[[ GIVEN INFORMATION open ]]

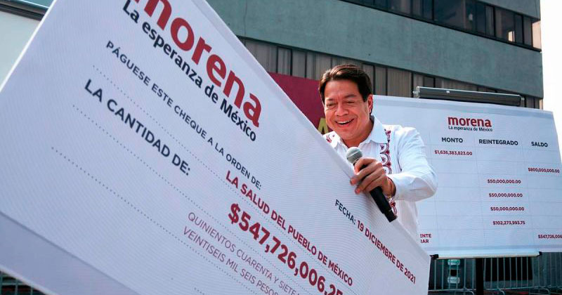 Morena entrega al INE cheque por 547.7 mdp para vacunas antiCovid
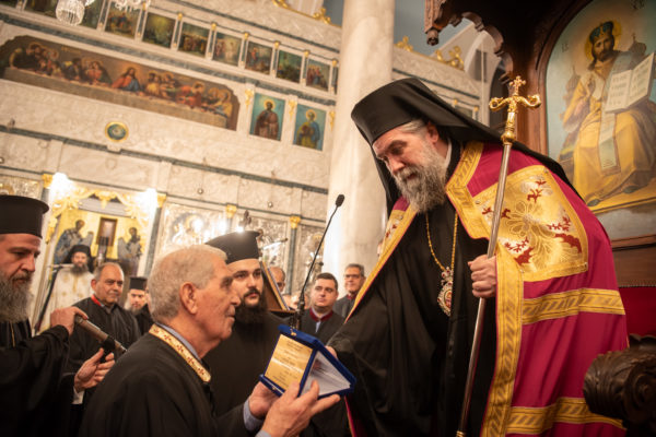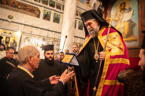 Η αποψινή προσγινομένη τιμή, προσφέρει, μία αρίστη και πρόσφορη αφορμή σε όλους μας, για να εκφράσουμε εγκάρδιες, συγχαρητήριες ευχές και προσρήσεις στον φιλόμουσο και φιλότιμο διάκονο της ιεροψαλτικής τέχνης και παραδόσεως, για την πολύτιμη και σεμνή προσφορά του στην τοπική μας Εκκλησία, αλλά και μία θαυμάσια ευκαιρία να τονισθεί, ότι η αγία Ορθόδοξος Εκκλησία μας είναι μεταξύ άλλων και διδασκαλείο των θείων αρετών και του ευχαριστιακού ήθους και μάλιστα, σε μία εποχή ανευχαρίστητη, αγνώμονα και στενόκαρδη, που έχει ξεχάσει να λέει το ‘’ευχαριστώ’’».
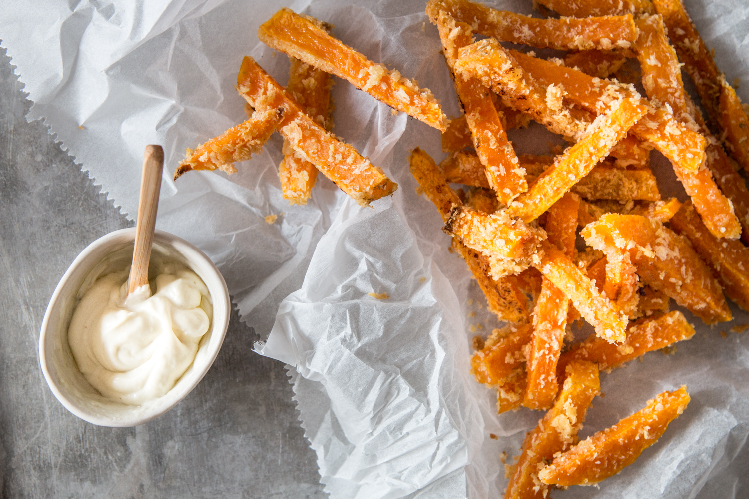 Dýňové hranolky vyndáme z trouby a podáváme s chilli majonézou.
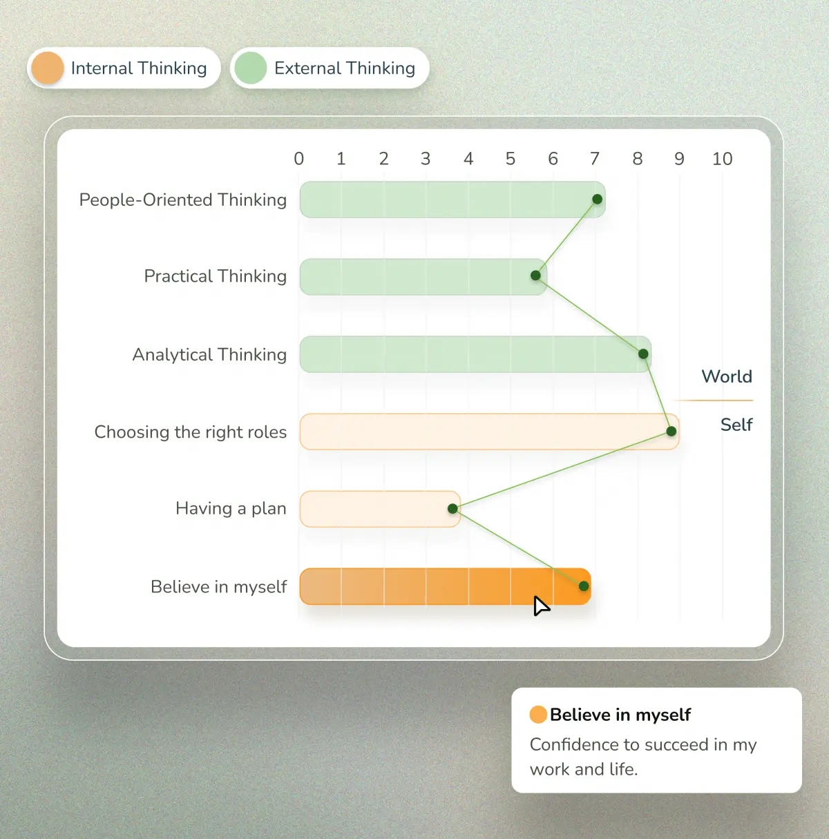 - Internal thinking: how people evaluate themselves, roles and potential
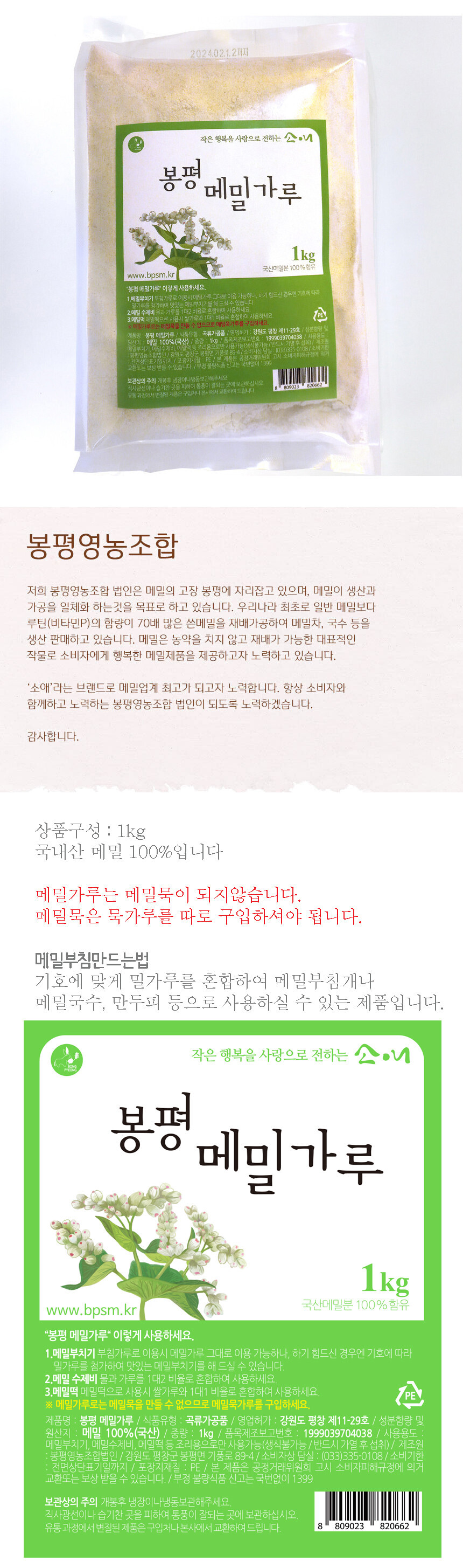 ※ 순메밀가루는 메밀묵이 되지않습니다.

[[ GIVEN INFORMATION closed ]]

(PROBLEM)
Nothing but the lines from the one with "Η αποψινή προσγινομένη" through the last line of the records should appear in your answer, each exactly as written and without pictures.

(ANSWER AREA)
 Η αποψινή προσγινομένη τιμή, προσφέρει, μία αρίστη και πρόσφορη αφορμή σε όλους μας, για να εκφράσουμε εγκάρδιες, συγχαρητήριες ευχές και προσρήσεις στον φιλόμουσο και φιλότιμο διάκονο της ιεροψαλτικής τέχνης και παραδόσεως, για την πολύτιμη και σεμνή προσφορά του στην τοπική μας Εκκλησία, αλλά και μία θαυμάσια ευκαιρία να τονισθεί, ότι η αγία Ορθόδοξος Εκκλησία μας είναι μεταξύ άλλων και διδασκαλείο των θείων αρετών και του ευχαριστιακού ήθους και μάλιστα, σε μία εποχή ανευχαρίστητη, αγνώμονα και στενόκαρδη, που έχει ξεχάσει να λέει το ‘’ευχαριστώ’’».
 Dýňové hranolky vyndáme z trouby a podáváme s chilli majonézou.
 - Internal thinking: how people evaluate themselves, roles and potential
 ※ 순메밀가루는 메밀묵이 되지않습니다.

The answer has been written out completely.